Unless you’d been a devout follower of German black metal label Funeral Industries‘ fine catalog of limited run vinyl obscurities no doubt you’d missed the first album (‘Omniscient‘, 2014) from this project headed by Negative Plane rhythm guitarist Diabolic Gulgalta (D.G.) alongside drummer A.G. and fellow Agrath member Black Spectrum. The band seems to have stirred up beyond 2011 when several side-projects began to spark beyond the glorious point of ‘Stained Glass Revelations‘, including Funereal Presence and Occultation. Of the three notable pillars beyond Ominous Resurrection could be considered the most faithfully atmospheric rendering, diving into auld and obscure black metal trances entirely born from arabesque and exotically arranged rhythm guitar driven dirges which (on average) feature around 5-7 minute events per song. References to ‘One Step Beyond Dreams’ and ‘Passage to Arcturo’ are fittingly applied here in terms of unfurled and braised away speed/first wave black metal structures at a doom n’ gloom pace. In hindsight ‘Omniscient’ was actually quite a playful record that relished in a lot of simple but powerful exotic melodic ideas (Maqam or similarly sourced movements) that appear to stem from an appreciation for non-Scandinavian early 90’s outliers such as Mortuary Drape though I would steer the listener towards (early) Necromantia, Predatory Light and Culte Des Ghoules to help stay on track. Although the signature sojourn of D.G.‘s guitar work is still true as ever six years later on the second Ominous Resurrection the tone and murk of this album is far more severe, serious, and malevolent enough to erase the “playful” thought and instead inspire a warning of cursed passages moving forward.
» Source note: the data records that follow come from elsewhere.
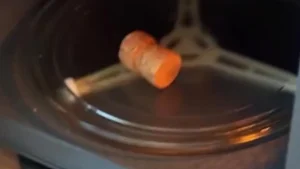 Flasken med vin sættes derefter ind i skoen, så den får en L-form. Derefter skal du bare finde en hård og holdbar overflade som en væg og begynde at banke skoen mod den og holde vinen fast på plads.
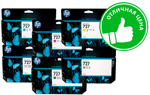 Еще нет отзывов о продукте Комплект картриджей HP 727 (C,M,Y,pK,mK,G) 6 шт x 130 млВаше мнение о продукте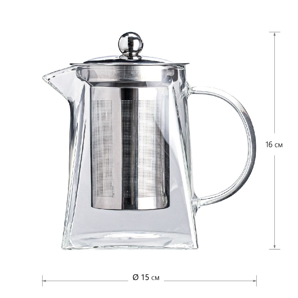 Чайник стеклянный заварочный с квадратным дном, 850 мл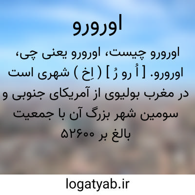 اورورو. [ اُ رو رُ ] ( اِخ ) شهری است در مغرب بولیوی از آمریکای جنوبی و سومین شهر بزرگ آن با جمعیت بالغ بر 52600 تن. بنای استخراج منابع معدنی ( 1595م. )باعث رونق آن بوده است. ( از دایرةالمعارف فارسی ).
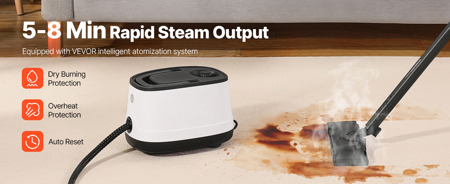 5-Minute Quick Heat-Up: With our intelligent atomization system and 1500W power, this steam cleaner heats up in 5-8 minutes. You can easily adjust the steam flow to clean tiles, marble, wood floors, carpets, and glass. Note: Power may vary by region.

Some manner of nihil possesses the hand slashing out these rhythms, a hapless vessel for a daimonian master seeping from a distant grave and the result is a curling, thick smoke-like trance that trails in and out of each piece with an understated vigor. Again, the atmosphere is the echoing distant and reverb-coughing modus you’d want from a Negative Plane album but each experience here focuses on the lilt and leverage gained via the downward-echoing guitar presence and effects-obscured vocals. It would be natural to want to think of Spite, Spirit Possession or even Veiled when considering the thrust of the rhythms here but each of those bands are aiming for a different dialectic vision of first (or early second) wave rhythmic revisionism whereas Ominous Resurrection almost bears the mark of black/doom metal progeny rather than anything built upon European speed metal clangor. The effect is unrepentant and generally impressive for the rhythmic motions alone, much less the intensely “buried” sound design. This unwavering focus upon clever rhythms is enough to sell an album to me, a listener who is well indoctrinated in this circle’s methods and ideals but I do think there will be some manner of ‘acquired taste’ for the average person not well groomed by raw black metal aesthetics and the mysterious sensation of occult black metal’s immersive themes. The first album is a bit sharper in terms of production and certainly more accessibly melodic so, ‘Omniscient’ (which has been reissued in tandem with this release) may be more appropriate for a true induction, this second album is entirely “necro” by comparison without losing its grand magick sense of movement and mystère.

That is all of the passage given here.